Kingston's new DataTraveler drive battles cloud storage with extra security

Will it be enough to save the flash drive?

Large organisations are embracing cloud storage but memory firm Kingston isn't giving up on the idea of secure thumb drives just yet. Its latest DataTraveler drive combines hardware-based encryption and USB 3.0 performance in a bid to keep the sector going.

Encrypted flash drives abound but Kingston believes the combination of security features at an affordable price is what gives the DataTraveler Vault Privacy 3.0 its unique selling point.

Where most lower-cost 'secure' drives ship with software encryption (which needs a software client to be accessible from a PC), the Privacy builds in 256-bit AES as a hardware chip. The passphrase can also be protected with enforced password complexity while anything above 10 guesses causes a drive format.

Usefully, the Privacy can be used in a 'read-only' mode which blocks some types of malware from using it as an advertent Trojan in order to infect internal networks; the managed version of the drive can be set up using a central console from Swedish firm Blockmaster.

On this theme, a separate version, the DataTraveler Vault Privacy 3.0 Anti-Virus, comes with ESET's NOD32 antivirus scanning engine and the integrated ClevX DriveSecurity utility designed specifically to block USB-based malware.

The pricing for this is around £38 ($60) for the 8GB model or £60 for the 16GB version, below equivalent drives with this sort of spec.
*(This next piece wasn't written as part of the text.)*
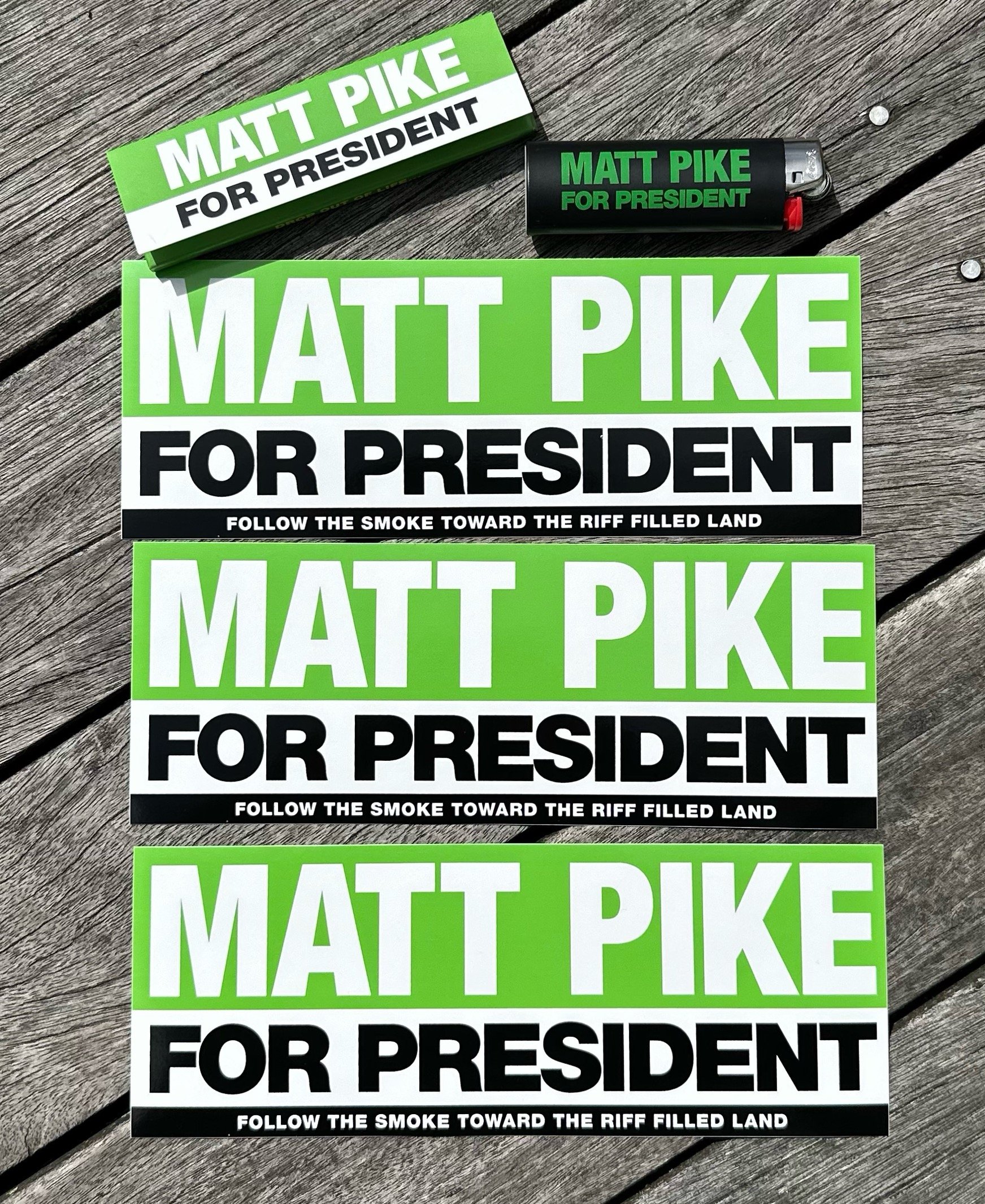 Basically everything you need. Part 2! 1 - Matt Pike For President Rolling Papers 1 - Matt Pike For President Bic Lighter 3 - Matt Pike For President Stickers

What businesses don't get for this price is the FIPS 140-2 assurance that comes with the DataTraveler 4000 or the higher FIPS-140-3 of the top-of-the-range DataTraveler 6000, but many businesses don't need this level of security.

"Many enterprise organizations take security and protecting confidential information extremely seriously, yet still fail to set or follow all security policies," commented Kingston's EMEA product marketing manager, Nadine Frost.

"Kingston has helped enterprises future proof their investment by implementing fast USB 3.0 speeds and designing controllers which allow NAND to be interchanged without requalification and certification of security features," she said.

Longer term, even the most secure flash drives will struggle to hold their own against the arrival of cloud storage. not least because they are not compatible with some mobile devices. At the moment, in the PC-centric world secure cloud services are under-developed but this will change. Kingston's super-secure DataTravelers could be the last great flowering of a sector that once carried all before it.